6 New Uses For High Visibility Vests

June 18, 2018 No Comments

Those bright yellow and orange high visibility vests aren’t just for roadway construction crews any more.  I’m seeing them worn all over the place in business and industry these days.  Employers have discovered that in certain high hazard work areas, it’s a good idea to have employees wear high visibility vests to provide an extra measure of protection. 
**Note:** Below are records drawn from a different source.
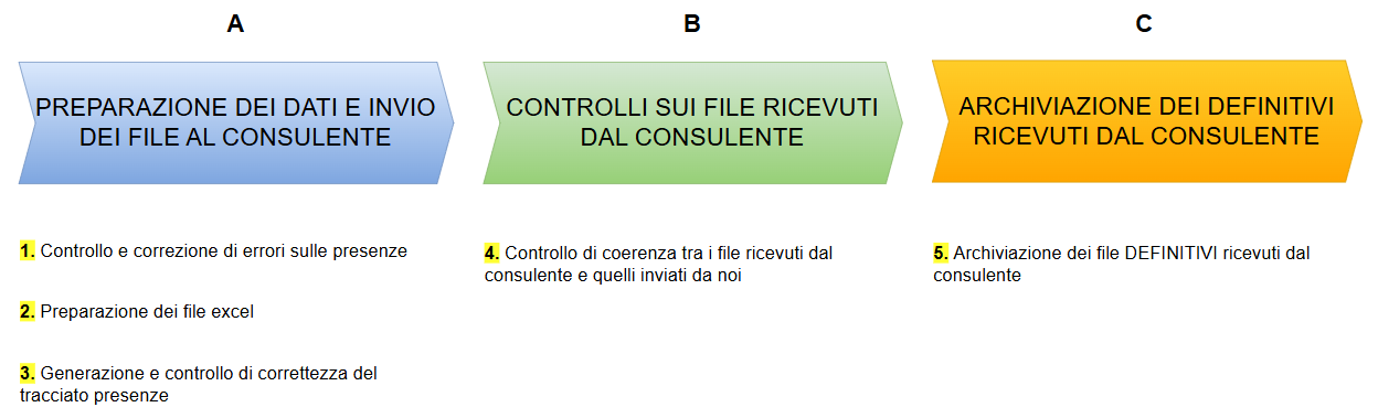 Nella presente documentazione andiamo a descrivere il flusso di lavoro mensile per la preparazione dei cedolini paga.
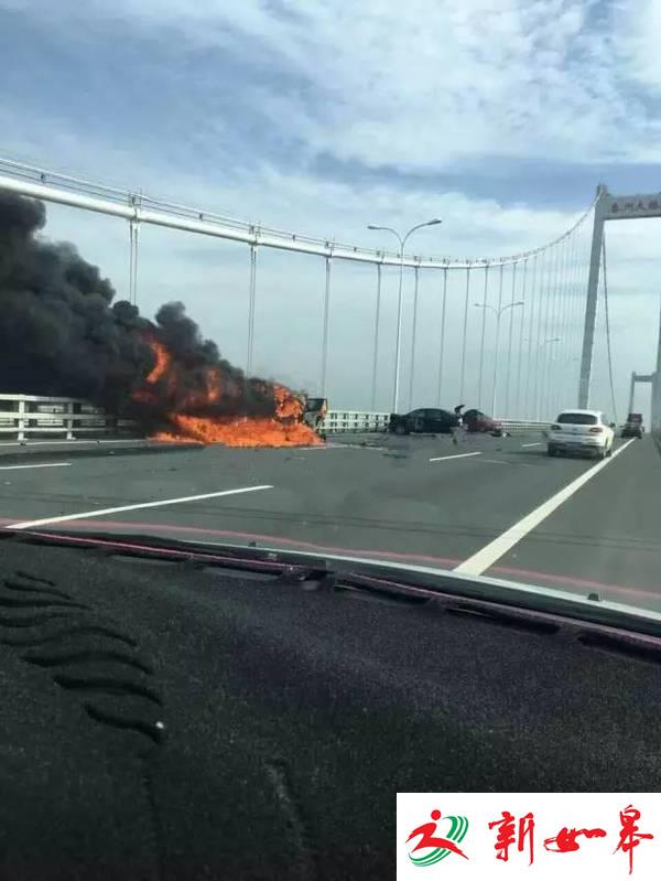 扬子晚报讯 10月30日上午10时许,泰州长江大桥桥面发生三车连环相撞事故,其中一辆小车被撞后燃起熊熊大火。
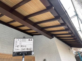 | 施工箇所 | 外壁塗装 軒天 破風板 雨戸塗装 水切り 母屋の木軒天 |
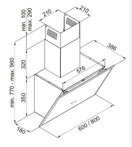 Vægmonteret emfang, skråtstillet. Med intern motor - Sort / sort glas - 600 mm - A+
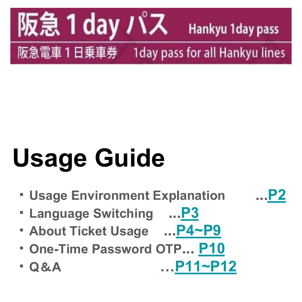 - "ตั๋วรถไฟฮันคิววันเดียว" สามารถใช้ได้ภายใน 1 วันใดก็ตาม ไม่จำกัดจำนวนครั้ง ในการเดินทางด้วยรถไฟฮันคิวทุกสายที่เชื่อมต่อระหว่างโอซากะ เกียวโต โคเบะ และทาคาราซูกะ (ไม่รวมสายโคเบะโคโซคุ)
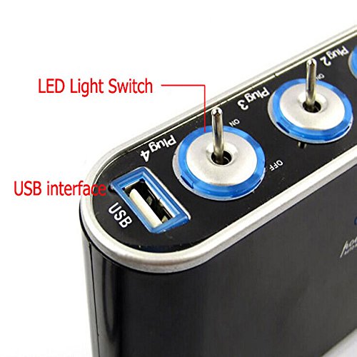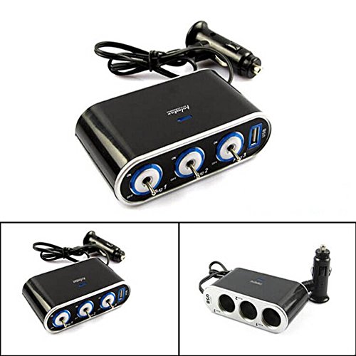 New 3 Way Car Cigarette Lighter Socket Splitter with USB and LED light switch control
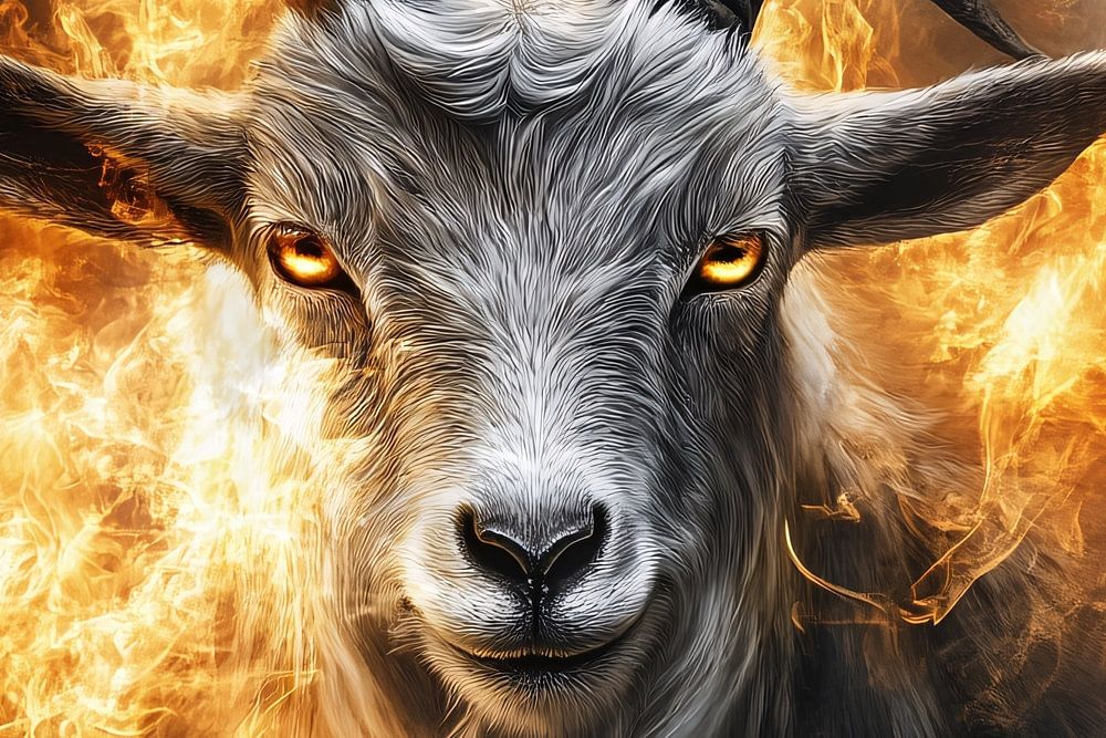 Dieses Bild zeigt eine beeindruckende Ziege mit feurigen Augen, umgeben von einem dramatischen Flammeneffekt. Das Design strahlt Kraft und Mysterium aus und ist perfekt für alle, die ein kühnes Kunstwerk suchen, das die Aufmerksamkeit auf sich zieht. Die realistischen Details des Fells und der Hörner erwecken die Ziege zum Leben, während der feurige Rahmen ein Gefühl von Energie und Kraft vermittelt. Dieses Kunstwerk passt gut in ein modernes Büro oder Schlafzimmer, wo es als starker Blickfang fungieren kann. Ein visuelles Spektakel, das jedem Raum eine einzigartige Atmosphäre verleiht.
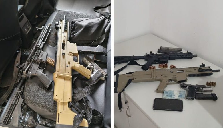 Com ele foram encontrados, uma submetralhadora SMT calibre 9mm, uma pistola com um carregador e 11 munições, uma carabina 9mm com 44 munições, dois carregadores calibre 9mm e dinheiro em espécie. Todo o material apreendido foi apresentado no DHPP para a tomada das medidas cabíveis.
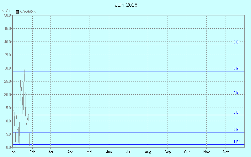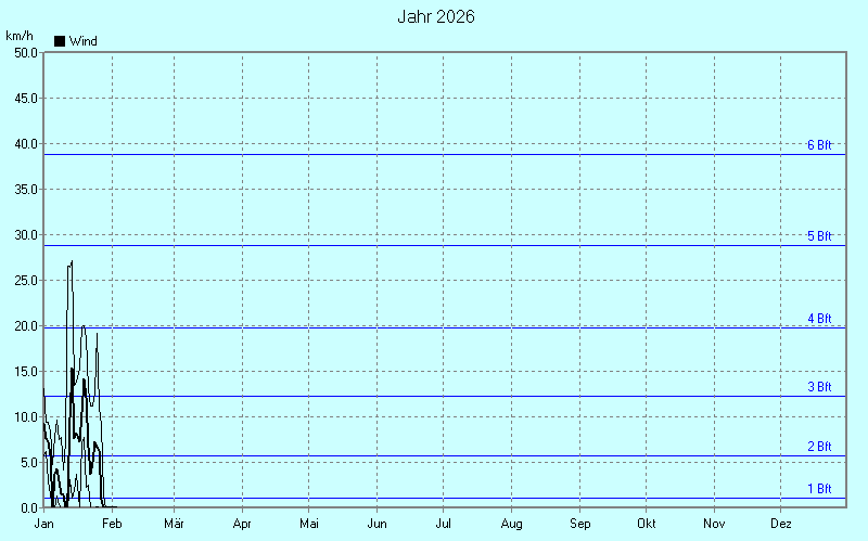 Windrichtung wird nicht mit aufgezeichnet, da die Wetterstation standort- und geländebedingt nicht von allen Seiten
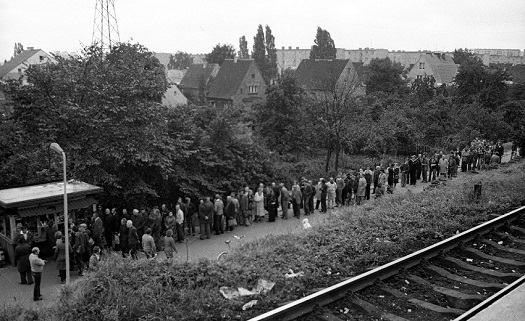 Kolejka po gazety przy peronie SKM Przymorze. Druga połowa sierpnia 1980 roku. © Fot. Krzysztof Jakubowski.
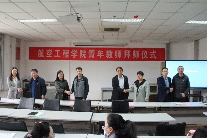 为了加快青年教师的成长步伐,引导青年教师走专业化成长路线,3月29日下午在精艺楼3015,航空工程学院举行了青年教师拜师仪式,参加此次活动的有人事处处长殷锋社、教务处副处长舒蕾以及航空学院全体教师,活动由航空学院副院长段文洁主持。
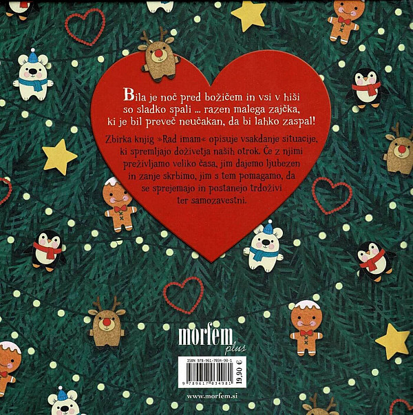 V knjigi z zajčkom krasimo smrečico, pečemo piškote, se veselimo daril, Božička, božične večerje … In kar je najlepše, da smo za praznike skupaj s tistimi, ki jih imamo radi. S to knjigo lahko pomagamo otrokom tudi razumeti, da je božič čas, ko moramo biti hvaležni za to, kar imamo.
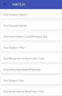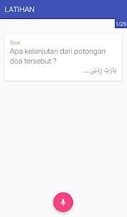 aplikasi ini menyajikan menu materi yang terdiri dari doa-doa pilihan kemudian aplikasi ini dilengkapi dengan latihan menjawab potongan doa menggunakan speech recognition yang diharapkan bisa menarik minat menghafal doa-doa
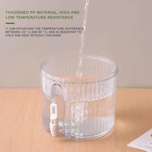 Key Features: Large Capacity: 3 L/1 Gallon large capacity refrigerator beverage dispenser is perfect for friends garing, camping, traveling. Easy to Use: Press the faucet, water is more convenient, faucet with rubber ring, blocking, sealing does not leak.Our water infuser dispenser is convenient to use. Temperature Resistant:Fridge Water Dispenser has High and low temperature resistance,can withstand -20° C -80 ° C temperature difference,cold and heat resistance, no cracking,can be assured to use. Materials: This Refrigerator Cold kettle is safe to use, sturdy and durable, because it is made of the food-grade PP material, not afraid of temperature differences Wide Applications: Summer beverage container for fridge can hold any beverage such as juice, cold water, iced tea, milk, beer, lemonade, etc. It can be used for all parties and outdoor events.
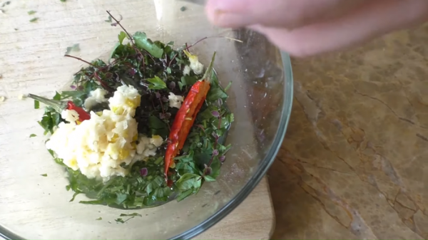 Готовим заправку, для начала сахар и соль зальем водой и размешаем почти до полного растворения. Теперь добавляем измельченную зелень петрушки и тимьяна, чеснок, уксус и растительное масло. На свой вкус острый перец просто разрезал пополам и отправим в заправку.

Below is a listing of six situations that I feel require the wearing of  high visibility vests:

  • All new production employees should be required to wear safety vests.  I successfully implemented such a policy at two different companies.  We required new employees to wear the safety vests during the first 30 calendar days that they worked for the company.   Management did not have to enforce this policy, because the experienced employees came to believe in the policy so strongly that they enforced the rule themselves!
  • Certain handicapped or disabled production employees should be required to wear safety vests.   At one company I worked for we had  some factory employees who were deaf.  The area where they worked was extremely dangerous.  If  an imminent danger were to occur, the deaf workers could not hear the warning shout, the alarm, or the horn.  We required the deaf employees to wear high visibility vests.  The other workers would watch out for the vest wearing deaf workers and give them an extra wide berth when working near them. 
  • All employees who work in areas where there are inside powered industrial vehicles should be required to wear safety vests.  One company I worked for had a factory in Vancouver, British Columbia, Canada.  Here, the provincial safety regulations require that employees who work in a warehouse (or in any area where fork trucks operate) wear a high visibility vest. 
  • All employees who work outside the building in an area where moving vehicles are present should be required to wear safety vests.  This would apply to: grocery store shopping cart retrievers, parking attendants, car dealership sales-persons, airport curbside attendants, and yard workers who load trucks or move outside  inventory.
  • All plant visitors should be required to wear safety vests.   This would include: accountants doing inventory, customers, contractors, office employees who travel through production areas, and vendors (even the guy who fills the pop machine).
  • Accident repeaters should be required to wear safety vests.  First, you need to define who is an accident repeater.  For example, anyone with two or more recordable injury accidents in the preceding 24 month period.  The repeater should wear the vest until their record improves to the point where they no longer qualify as an accident repeater.